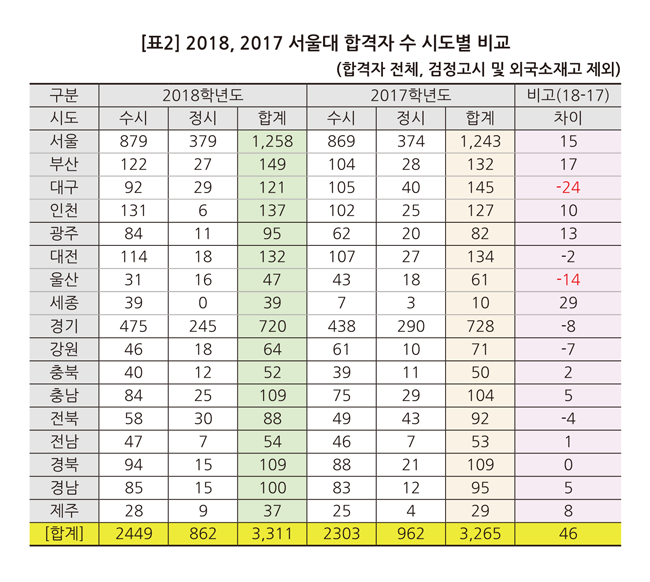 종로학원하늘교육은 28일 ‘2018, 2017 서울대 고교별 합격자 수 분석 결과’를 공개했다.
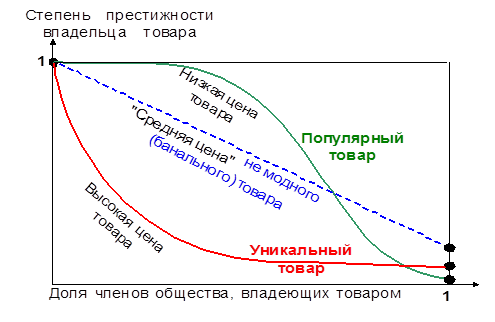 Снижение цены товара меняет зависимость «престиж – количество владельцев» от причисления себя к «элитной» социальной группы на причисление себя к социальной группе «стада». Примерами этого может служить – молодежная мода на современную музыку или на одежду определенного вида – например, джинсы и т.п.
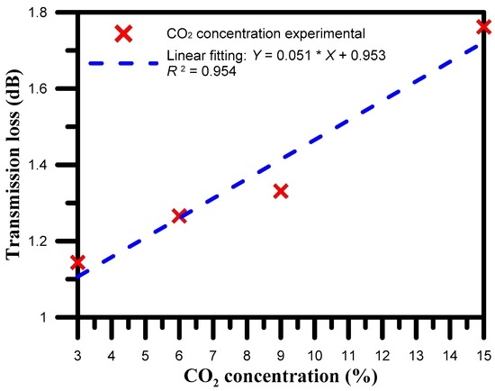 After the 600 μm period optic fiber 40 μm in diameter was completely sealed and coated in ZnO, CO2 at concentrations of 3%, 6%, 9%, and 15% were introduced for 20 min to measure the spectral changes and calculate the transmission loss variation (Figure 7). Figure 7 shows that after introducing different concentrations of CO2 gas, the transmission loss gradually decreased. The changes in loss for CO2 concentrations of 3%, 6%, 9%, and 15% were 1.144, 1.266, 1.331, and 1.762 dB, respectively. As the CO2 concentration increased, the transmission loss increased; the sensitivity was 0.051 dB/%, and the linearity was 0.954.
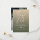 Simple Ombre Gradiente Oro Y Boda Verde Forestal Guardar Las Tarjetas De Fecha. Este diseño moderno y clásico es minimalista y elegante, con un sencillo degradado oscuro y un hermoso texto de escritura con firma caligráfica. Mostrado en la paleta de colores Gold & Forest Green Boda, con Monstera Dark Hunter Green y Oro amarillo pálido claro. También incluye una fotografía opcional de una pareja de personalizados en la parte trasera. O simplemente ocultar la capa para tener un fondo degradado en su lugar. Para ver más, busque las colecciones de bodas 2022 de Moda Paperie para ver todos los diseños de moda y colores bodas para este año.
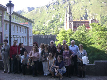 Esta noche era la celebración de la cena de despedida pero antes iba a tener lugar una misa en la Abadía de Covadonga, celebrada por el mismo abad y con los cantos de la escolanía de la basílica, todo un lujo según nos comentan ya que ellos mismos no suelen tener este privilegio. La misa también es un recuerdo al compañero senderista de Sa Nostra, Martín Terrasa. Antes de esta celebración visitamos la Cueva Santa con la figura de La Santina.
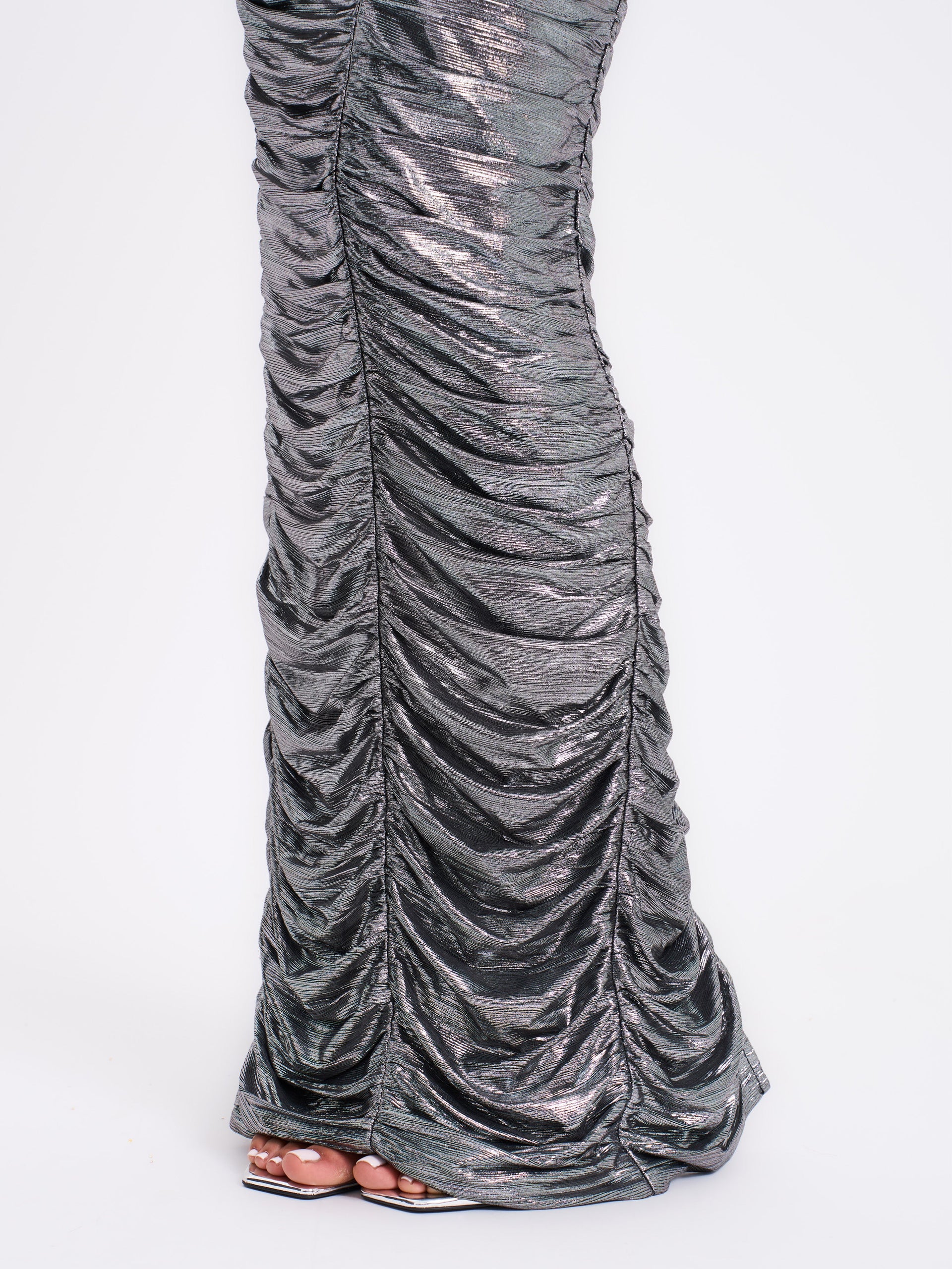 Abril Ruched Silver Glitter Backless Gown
--
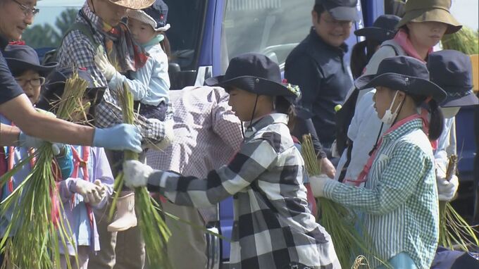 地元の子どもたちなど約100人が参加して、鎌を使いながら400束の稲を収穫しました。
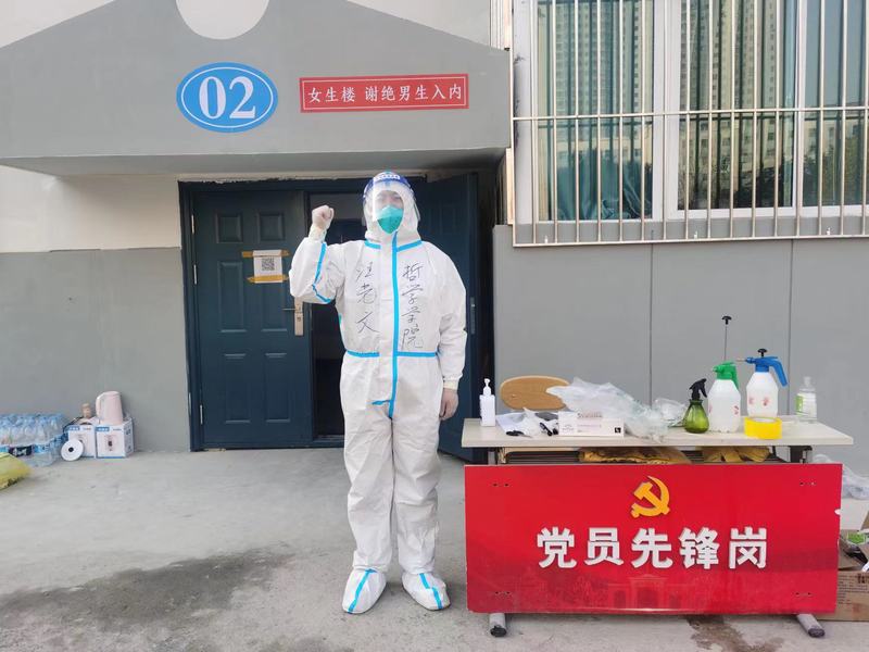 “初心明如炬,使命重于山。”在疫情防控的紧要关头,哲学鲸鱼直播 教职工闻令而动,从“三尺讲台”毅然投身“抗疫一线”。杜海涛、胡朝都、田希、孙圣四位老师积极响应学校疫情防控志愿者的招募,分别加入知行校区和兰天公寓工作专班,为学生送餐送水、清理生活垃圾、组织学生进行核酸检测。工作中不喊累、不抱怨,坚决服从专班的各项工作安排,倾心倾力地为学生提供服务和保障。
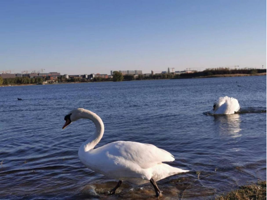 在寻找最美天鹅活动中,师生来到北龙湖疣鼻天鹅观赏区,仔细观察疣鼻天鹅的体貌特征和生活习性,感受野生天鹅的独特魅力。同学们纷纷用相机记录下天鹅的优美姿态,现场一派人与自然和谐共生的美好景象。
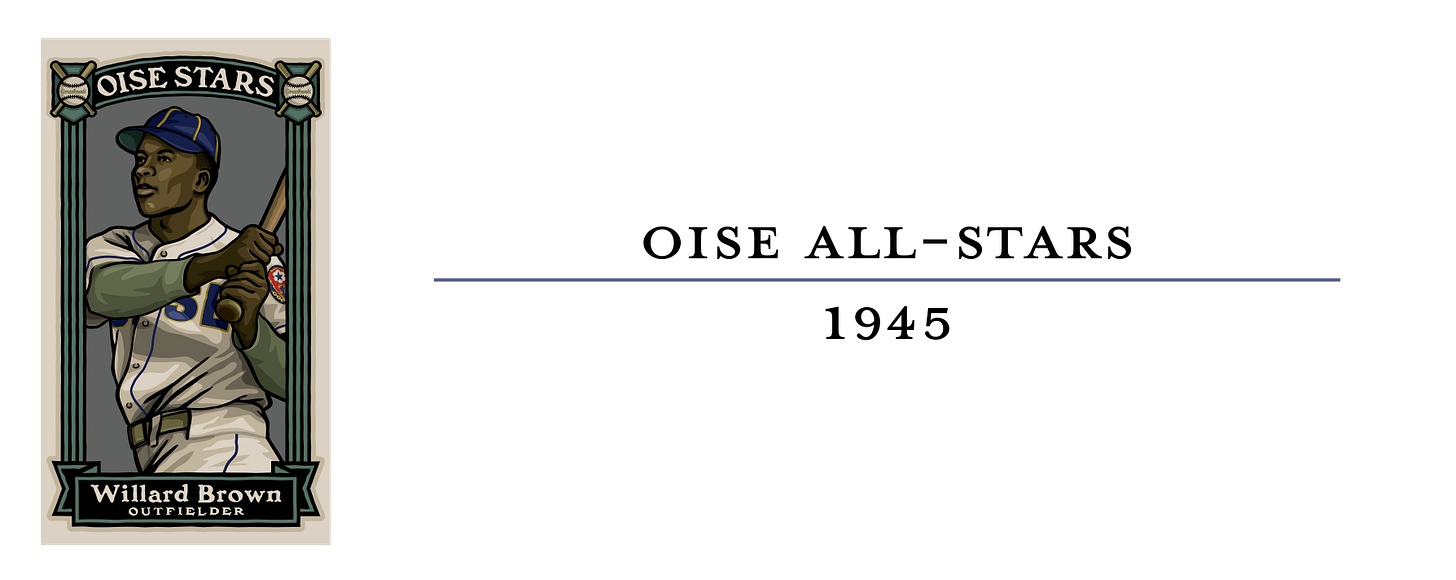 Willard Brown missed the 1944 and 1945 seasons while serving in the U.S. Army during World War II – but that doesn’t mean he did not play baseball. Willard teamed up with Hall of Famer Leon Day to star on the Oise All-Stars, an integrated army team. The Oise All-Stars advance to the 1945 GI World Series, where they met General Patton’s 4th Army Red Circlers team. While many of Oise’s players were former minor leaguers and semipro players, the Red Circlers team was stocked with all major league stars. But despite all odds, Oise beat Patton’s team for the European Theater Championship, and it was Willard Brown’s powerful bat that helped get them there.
---
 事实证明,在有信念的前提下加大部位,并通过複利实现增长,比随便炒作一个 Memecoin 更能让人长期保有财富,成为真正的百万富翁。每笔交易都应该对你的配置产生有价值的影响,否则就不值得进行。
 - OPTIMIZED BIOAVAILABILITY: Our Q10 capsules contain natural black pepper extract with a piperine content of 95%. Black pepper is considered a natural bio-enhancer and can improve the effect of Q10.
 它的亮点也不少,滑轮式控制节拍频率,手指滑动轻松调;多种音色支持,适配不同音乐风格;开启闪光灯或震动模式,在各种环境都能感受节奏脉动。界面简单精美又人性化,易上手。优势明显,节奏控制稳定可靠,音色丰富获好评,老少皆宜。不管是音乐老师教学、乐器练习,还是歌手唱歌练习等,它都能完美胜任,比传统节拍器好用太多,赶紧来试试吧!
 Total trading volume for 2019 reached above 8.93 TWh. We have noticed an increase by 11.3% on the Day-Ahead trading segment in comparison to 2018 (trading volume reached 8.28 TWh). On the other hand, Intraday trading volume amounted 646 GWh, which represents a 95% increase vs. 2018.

**YOUR OBJECTIVE:**
Output exactly the lines of the listing above that start with the one holding "地元の子どもたちなど約100" and go on through the one holding "Willard Brown missed"; leave the pictures out.

**EXERCISE OUTPUT:**
 地元の子どもたちなど約100人が参加して、鎌を使いながら400束の稲を収穫しました。
 “初心明如炬,使命重于山。”在疫情防控的紧要关头,哲学鲸鱼直播 教职工闻令而动,从“三尺讲台”毅然投身“抗疫一线”。杜海涛、胡朝都、田希、孙圣四位老师积极响应学校疫情防控志愿者的招募,分别加入知行校区和兰天公寓工作专班,为学生送餐送水、清理生活垃圾、组织学生进行核酸检测。工作中不喊累、不抱怨,坚决服从专班的各项工作安排,倾心倾力地为学生提供服务和保障。
 在寻找最美天鹅活动中,师生来到北龙湖疣鼻天鹅观赏区,仔细观察疣鼻天鹅的体貌特征和生活习性,感受野生天鹅的独特魅力。同学们纷纷用相机记录下天鹅的优美姿态,现场一派人与自然和谐共生的美好景象。
 Willard Brown missed the 1944 and 1945 seasons while serving in the U.S. Army during World War II – but that doesn’t mean he did not play baseball. Willard teamed up with Hall of Famer Leon Day to star on the Oise All-Stars, an integrated army team. The Oise All-Stars advance to the 1945 GI World Series, where they met General Patton’s 4th Army Red Circlers team. While many of Oise’s players were former minor leaguers and semipro players, the Red Circlers team was stocked with all major league stars. But despite all odds, Oise beat Patton’s team for the European Theater Championship, and it was Willard Brown’s powerful bat that helped get them there.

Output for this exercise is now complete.